Segment Open

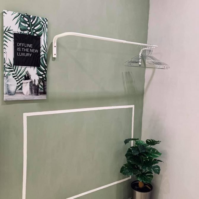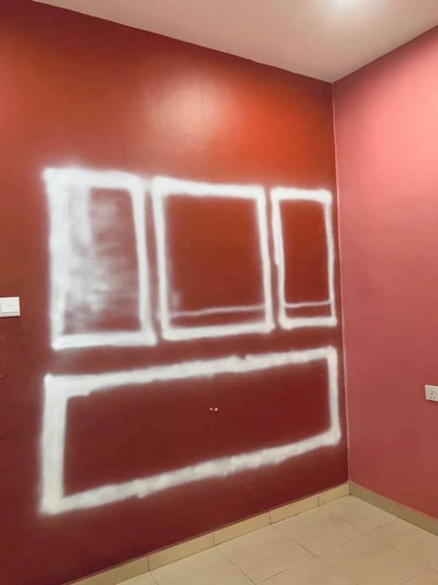 Saya malas nak beli cat putih jadi saya spray je untuk buat wainscoting. Bila spray dah kering, saya tampal masking tape ikut cara yang pernah viral dulu, kredit tu Shafeq Bada atas perkongsian beliau.
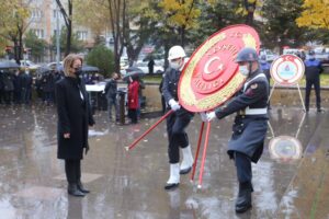 Nevşehir Valiliği önünde bulunan Atatürk Anıtı önünde düzenlenen tören çelenk sunumu ile başladı. Nevşehir Valisi İnci Sezer Becel ve Nevşehir Belediye Başkanı Dr. Mehmet Savran tarafından Atatürk Anıtına çelenk sunumun ardından Ulu Önder Mustafa Kemal Atatürk’ün ebediyete irtihal ettiği saat olan 09.05’te çalan siren eşliğinde iki dakikalık saygı duruşunda bulunuldu. Atatürk Anıtı’ndaki bayraklar yarıya indirildi. Tören daha sonra İstiklal Marşı’nın okunmasıyla sona erdi.
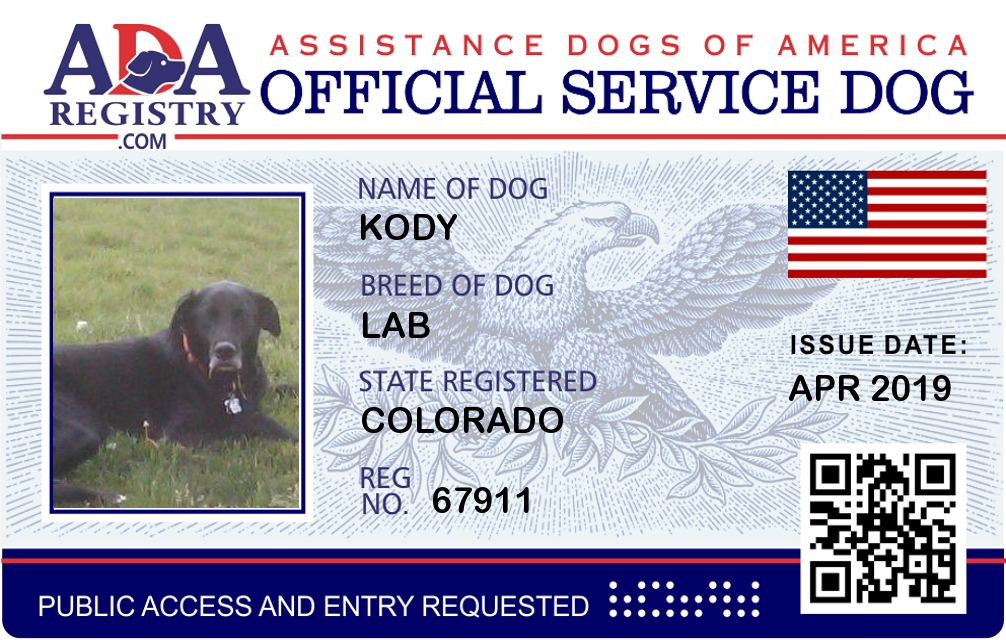 Service Dog Registration for Kody

Segment Closed

AIM OF THE TASK =
In full and without changes, repeat the listing above, but not its pictures.

SOLUTION =
 Saya malas nak beli cat putih jadi saya spray je untuk buat wainscoting. Bila spray dah kering, saya tampal masking tape ikut cara yang pernah viral dulu, kredit tu Shafeq Bada atas perkongsian beliau.
 Nevşehir Valiliği önünde bulunan Atatürk Anıtı önünde düzenlenen tören çelenk sunumu ile başladı. Nevşehir Valisi İnci Sezer Becel ve Nevşehir Belediye Başkanı Dr. Mehmet Savran tarafından Atatürk Anıtına çelenk sunumun ardından Ulu Önder Mustafa Kemal Atatürk’ün ebediyete irtihal ettiği saat olan 09.05’te çalan siren eşliğinde iki dakikalık saygı duruşunda bulunuldu. Atatürk Anıtı’ndaki bayraklar yarıya indirildi. Tören daha sonra İstiklal Marşı’nın okunmasıyla sona erdi.
 Service Dog Registration for Kody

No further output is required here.